The Korean artist, born 1960, creates pictures of unique expression. Using thousands of simple buttons and pins, she creates large wall installations that only from afar show their breathtakingly vivid picture. Through the immensely repetitive manual work facing the white wall, she says, the experience of her own installations is a form of performance that leads toward finding oneself, like a monk practising Zen.
What struck us in her works was the vision which leads her from the first hammered pin to the precise, vivid and emotional expression of the finished work. Her installations represent a fight for freedom of the individual mind and expression and serve us as a touchstone of our judgements. But regardless of all intellectual examination, it is the incredible beauty of her work that left us speechless.
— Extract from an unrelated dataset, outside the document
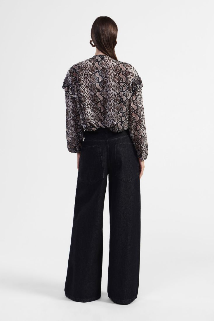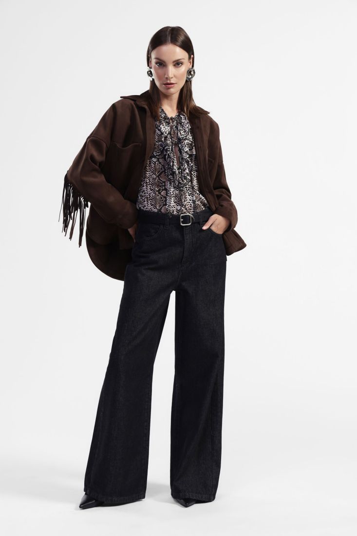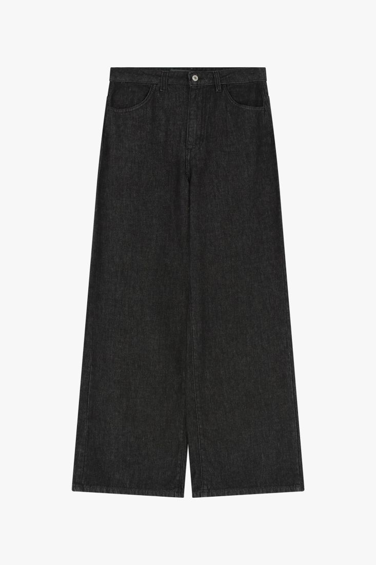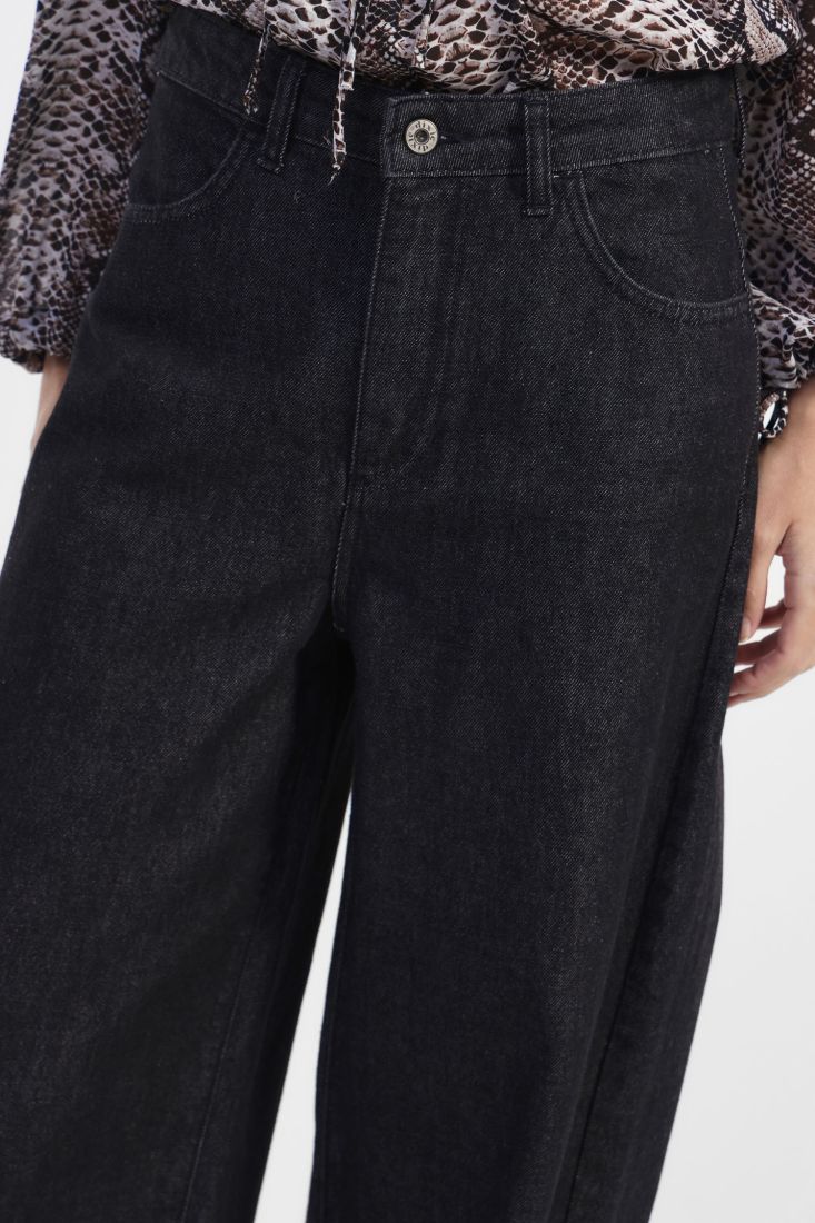 Com corte reto e cintura média, adaptam-se facilmente a diferentes silhuetas, proporcionando um visual elegante e descontraído. O acabamento preto lavado dá-lhe um ar urbano e contemporâneo — perfeito para coordenados de outono e inverno.

In the end, it was the vision within her work, the breathtaking beauty of its expression, and the inspiration her message gives that moved us deeply.
In all her works, we see the ceaseless application of her -and our- philosophy:
Passion Of Perfection
The perfect liaison of high culture and luxury - Fitti Pahris Cashmeres presents an exclusive campaign with the rising opera tenor Germán Villar.
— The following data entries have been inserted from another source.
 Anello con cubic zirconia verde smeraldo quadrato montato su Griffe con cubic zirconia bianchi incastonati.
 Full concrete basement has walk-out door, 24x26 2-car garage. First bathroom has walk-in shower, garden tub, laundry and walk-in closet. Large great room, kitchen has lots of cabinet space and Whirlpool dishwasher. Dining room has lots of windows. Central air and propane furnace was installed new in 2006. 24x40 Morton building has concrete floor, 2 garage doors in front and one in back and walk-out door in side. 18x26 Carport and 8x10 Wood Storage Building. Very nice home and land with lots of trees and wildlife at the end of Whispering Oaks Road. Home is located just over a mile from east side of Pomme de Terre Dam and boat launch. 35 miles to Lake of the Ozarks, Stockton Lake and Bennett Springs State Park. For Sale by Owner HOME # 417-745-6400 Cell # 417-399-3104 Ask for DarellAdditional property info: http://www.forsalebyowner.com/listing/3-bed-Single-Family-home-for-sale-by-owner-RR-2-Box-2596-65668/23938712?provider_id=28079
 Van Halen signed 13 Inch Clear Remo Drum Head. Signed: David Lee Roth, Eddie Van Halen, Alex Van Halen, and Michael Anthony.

Opera embodies the standard of ultimate perfection: only if every individual, from the tenor to the violinist, from the conductor to the pianist, achieves individual perfection, we can indulge in a true masterpiece. In this, we see a perfect reflection of the philosophy of Fitti Pahris Cashmeres: Passion Of Perfection!
Owing to the rarity of this material, for many centuries cashmere was for a long time accessible only to royals, maharajas and a select few - a noble background which created the ultimate standards of craftsmanship in spinning, dying, weaving and embroidery. Today, Fitti Pahris Cashmeres upholds these rarely-kept traditions of the most luxurious artisanship in the history of textiles:
We only work with families who have inherited the knowledge and passion for this tradition over many generations. Each piece leaving our ateliers in Kashmir/India and Kathmandu/Nepal is crafted solely by hand and carries the unique marks of its individual craftsman. In this way, Fitti Pahris Cashmeres strives to sustain an absolute standard of luxury, and continues this noble cultural heritage.
Consequently the cooperation with the rising opera star Germán Villar is perfectly natural. Germán Villar, born in 1975 in Valencia, Spain, embodies those worthwhile values like no other: His glamorous appearance and his unmatched voice have carried him to the most prestigious and esteemed stages of the world. His early accession to the elite group of the world’s finest tenors is the result and success of the ceaseless application of his - and our - philosophy: Passion of Perfection!